Compression is widely used both to minimize the size of an image file without degradation in the image quality and to reduce irrelevance and redundancy of data in the image. Thus, compression is mostly preferred to process large-scale images. For example, detecting ships in satellite images is difficult due to their high resolution and correspondingly large data volume. A compression technique called discrete wavelet transform (DWT) resolves the difficulty in high-resolution ship detection and performs better than conventional computer vision algorithms26. In addition, DWT is also useful for texture classification, because its finite duration provides both the frequency and spatial locality. In pathology, DWT analysis has been applied to classify tumors by using texture analysis27.

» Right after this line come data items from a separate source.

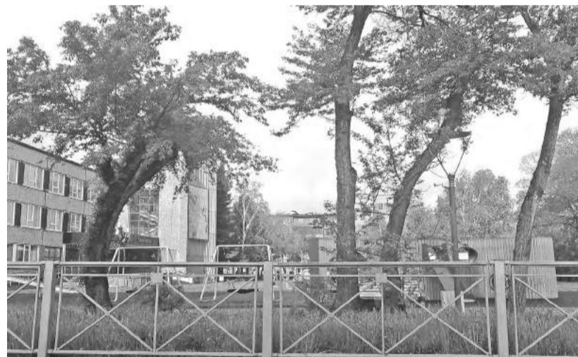
Такая «причёска» вязам к лицу

всё, на что хватает сегодня наших сил и средств. А если не прочистить зелёный массив своевременно, погибают не только ветви деревьев, но и стволы.
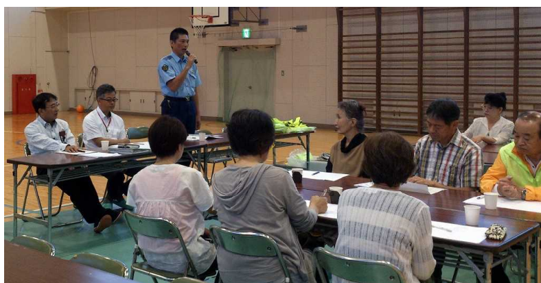
6月10日 学校支援地域本部 見守り隊 総会

方に来ていただいて「交通安全教室」を実施しました。安全な道路の歩き方や安全な自転車の乗り方について、運動場実際に信号機や横断歩道も設置したコースを使っての歩行、走行をしながら体験的に学びました。
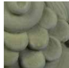
verde cod. VE
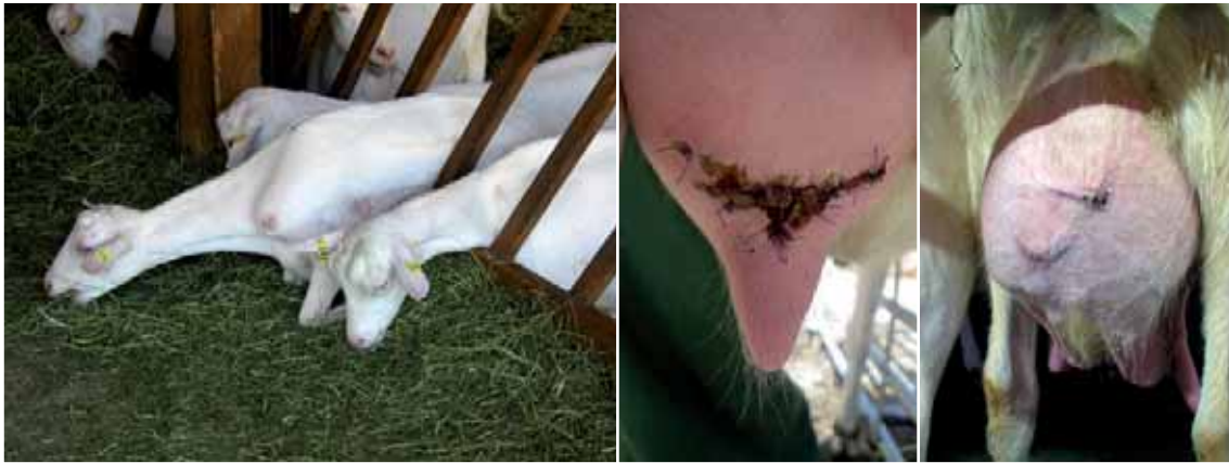
Abbildung 36: Bei größerem Abstand zwischen den Brettern können sich manche Ziegen hindurchzwängen (Foto links) und teilweise beim Zurückziehen steckenbleiben. Solche Situationen stellen ein hohes Risiko für Verletzungen dar – insbesondere in Herden mit behornnten Tieren kann es dabei zu schweren Verletzungen, des Euters kommen (Foto Mitte: frische, genähte, tiefe Verletzung; Foto rechts: teilweise vernarbt)

Nackenrohr/-brett als Fressgitter möglichst vermeiden: Sie sind für Ziegen weniger gut geeignet. Sie bieten keine festen Fressplätze und insbesondere Tiere mit Hörnern haben hier Probleme, das Fressgitter schnell zu verlassen (siehe Abbildung 37). Falls Nackenrohr/-brettfressgitter verwendet werden, ist darauf zu achten, dass ständig Futter zur freien Aufnahme und in gleichbleibender Qualität vorliegt. In der Jungtieraufzucht können sie bei ausreichendem Fressplatzangebot eingesetzt werden, da die Rangbeziehungen bei Jungtieren noch nicht so ausgeprägt zum Tragen kommen und die Leistungsanforderungen an die Tiere geringer ist.
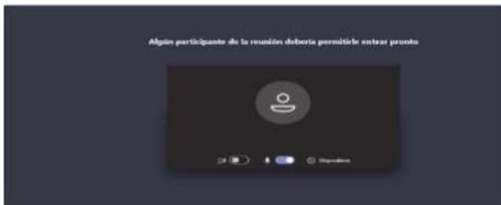
Imagen No. 5:

Cuando el usuario inserte su nombre y seguidamente dé clic en la opción “Unirse ahora”, como lo ilustra la pasada imagen # 4, de forma inmediata a los que ya están conectados a la audiencia, les aparecerá de manera muy visible un cuadro ofreciendo la opción de admitir con un clic al usuario, siendo un ejemplo de esto la siguiente imagen # 6:
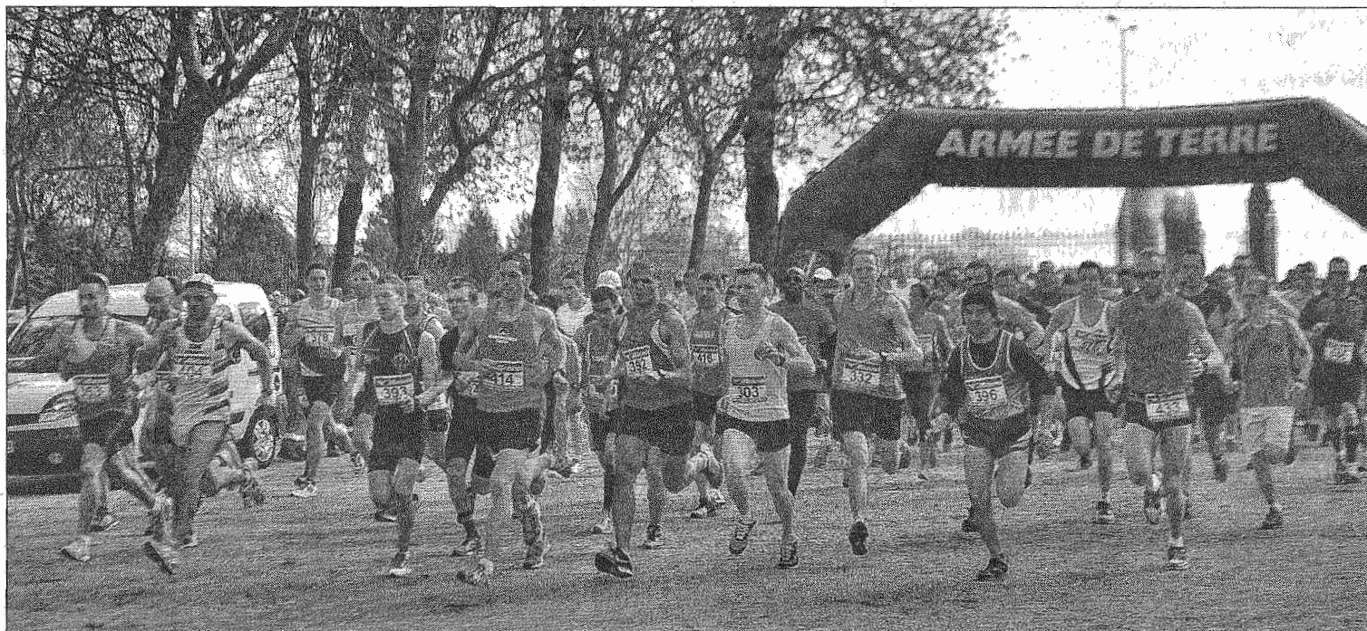
■ La course lunévilloise a connu une érosion en terme de participation.

In this work, we propose a pathological image segmentation method in the compressed domain. To compress large pathological images, we utilized not only DWT but also principal component analysis (PCA) according to hematoxylin and eosin (H&E) staining characteristics to reduce 3-channel RGB data to one channel28. We tested this inference method in the compressed domain on colorectal cancer pathologic images from the Catholic University of Korea Yeouido St. Mary’s Hospital.

Our results imply that the method using the compressed domain is more useful for pathologic segmentation than the method using the spatial domain, for three reasons: (1) The average Dice score, pixel accuracy, and Jaccard score are significantly improved, by 2.7%, 0.9%, and 2.7%, respectively. (2) Using DWT, neural networks can be trained not only by spatial information but also by texture information. (3) The performance can be more robust because of the large ROI in training after compression; the size of the input image is reduced by 8%. This new segmentation technique in the compressed domain can be potentially useful in applications where large-scale data and texture information are important, such as remote sensing29 and microscopy30,31,32.

Results

Data distribution

We used 390 WSIs of colorectal biopsy specimens. The average size of WSIs was 43,443 by 28,645 pixels. We split the dataset into two groups: 351 train and validation data, and 39 test data (Supplementary Table 1). We used this dataset to implement a pipeline to achieve binary segmentation of normal and abnormal areas in colorectal cancer (CRC) tissue images.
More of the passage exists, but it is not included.